» **Your assignment**: Give again, word for word, every line below from the one that has "吴金营在战场上的立功受奖证书" through the one that has "Conheça a máscara", both included, and no others.

» **Data for the task**:
◆ ◆ ◆
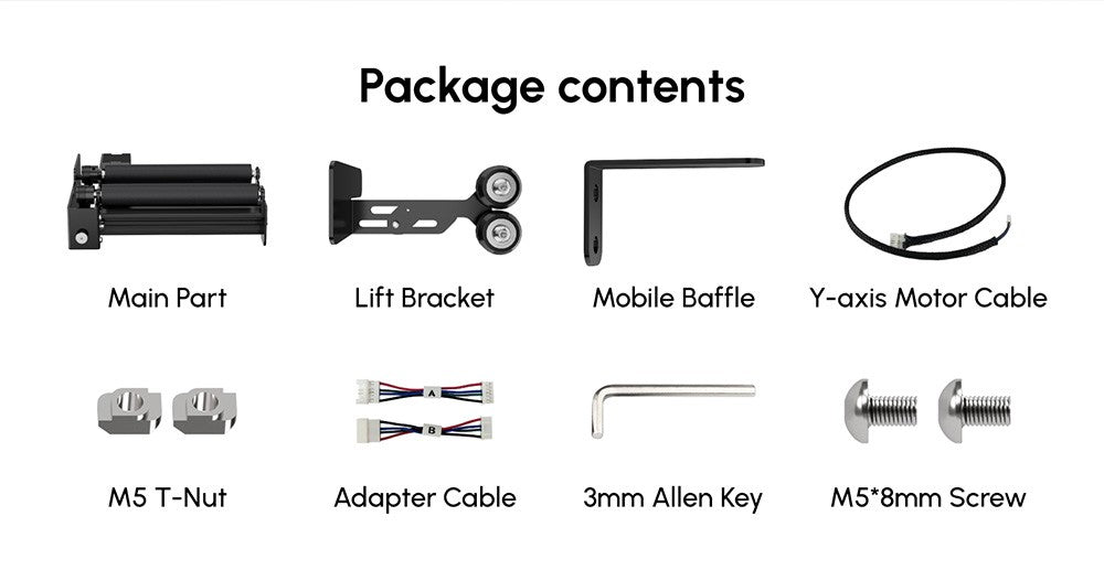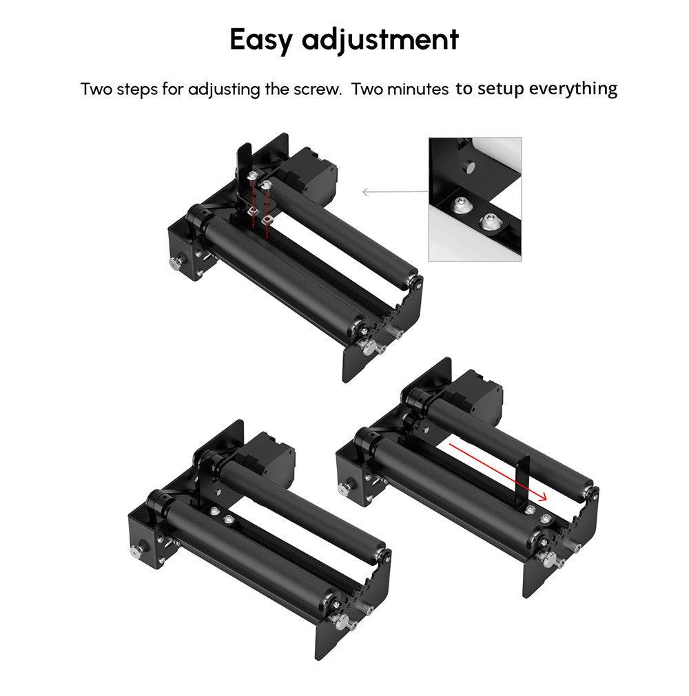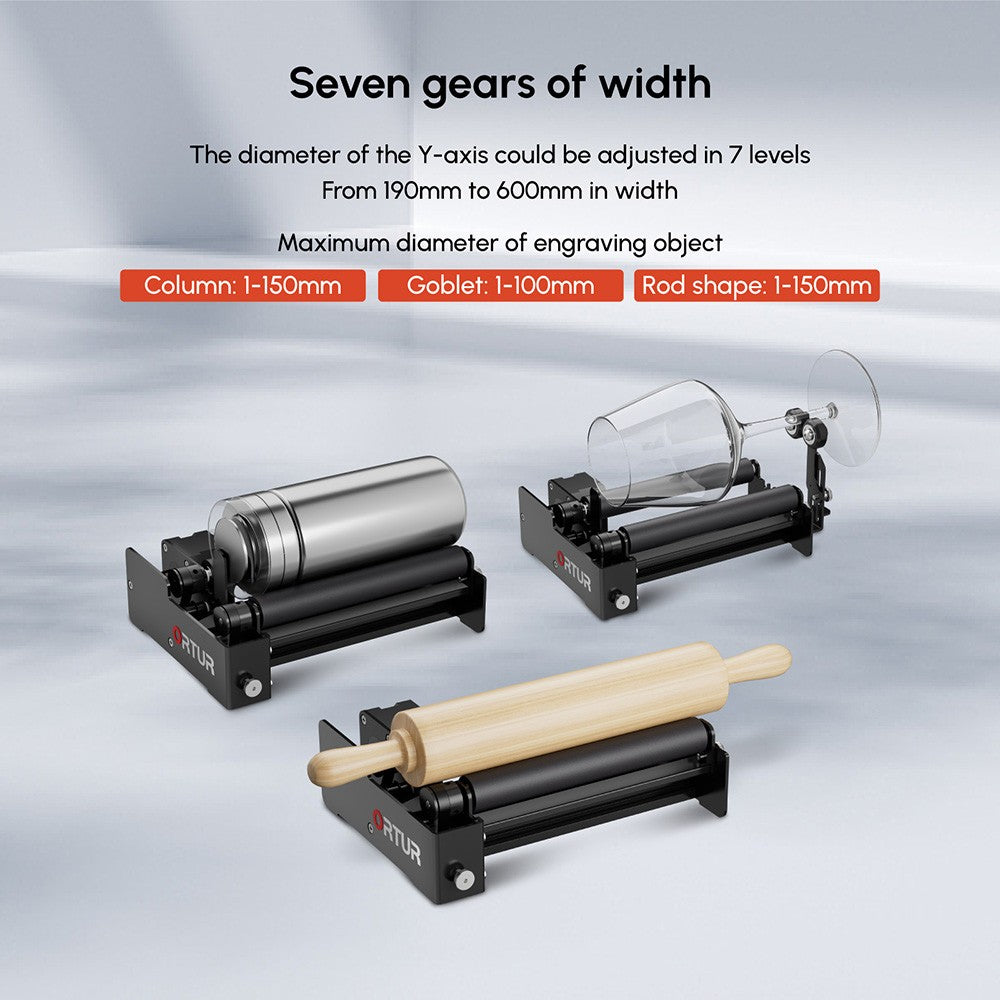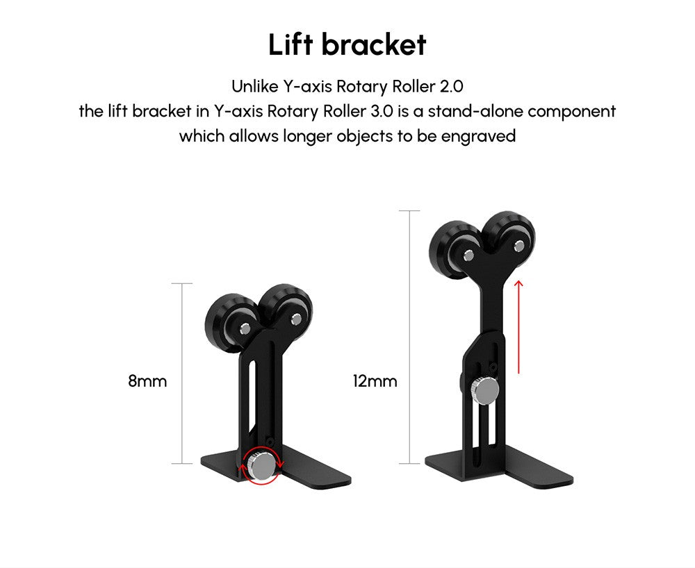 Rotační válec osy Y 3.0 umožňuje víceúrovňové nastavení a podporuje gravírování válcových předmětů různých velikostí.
◆ ◆ ◆
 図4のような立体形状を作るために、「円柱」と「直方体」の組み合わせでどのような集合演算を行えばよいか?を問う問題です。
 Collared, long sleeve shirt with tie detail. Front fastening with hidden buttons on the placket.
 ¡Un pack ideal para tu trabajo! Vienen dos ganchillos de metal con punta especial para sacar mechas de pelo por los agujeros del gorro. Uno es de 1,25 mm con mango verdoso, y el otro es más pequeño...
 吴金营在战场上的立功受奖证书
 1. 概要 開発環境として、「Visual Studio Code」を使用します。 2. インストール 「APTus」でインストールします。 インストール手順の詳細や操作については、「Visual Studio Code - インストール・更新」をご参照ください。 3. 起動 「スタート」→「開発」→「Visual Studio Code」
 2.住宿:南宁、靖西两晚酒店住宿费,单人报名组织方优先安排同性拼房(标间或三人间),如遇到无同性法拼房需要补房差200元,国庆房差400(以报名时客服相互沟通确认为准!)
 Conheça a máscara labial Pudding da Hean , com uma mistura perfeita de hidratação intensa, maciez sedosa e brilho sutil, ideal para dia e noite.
◆ ◆ ◆
» **Solved problem**:
 吴金营在战场上的立功受奖证书
 1. 概要 開発環境として、「Visual Studio Code」を使用します。 2. インストール 「APTus」でインストールします。 インストール手順の詳細や操作については、「Visual Studio Code - インストール・更新」をご参照ください。 3. 起動 「スタート」→「開発」→「Visual Studio Code」
 2.住宿:南宁、靖西两晚酒店住宿费,单人报名组织方优先安排同性拼房(标间或三人间),如遇到无同性法拼房需要补房差200元,国庆房差400(以报名时客服相互沟通确认为准!)
 Conheça a máscara labial Pudding da Hean , com uma mistura perfeita de hidratação intensa, maciez sedosa e brilho sutil, ideal para dia e noite.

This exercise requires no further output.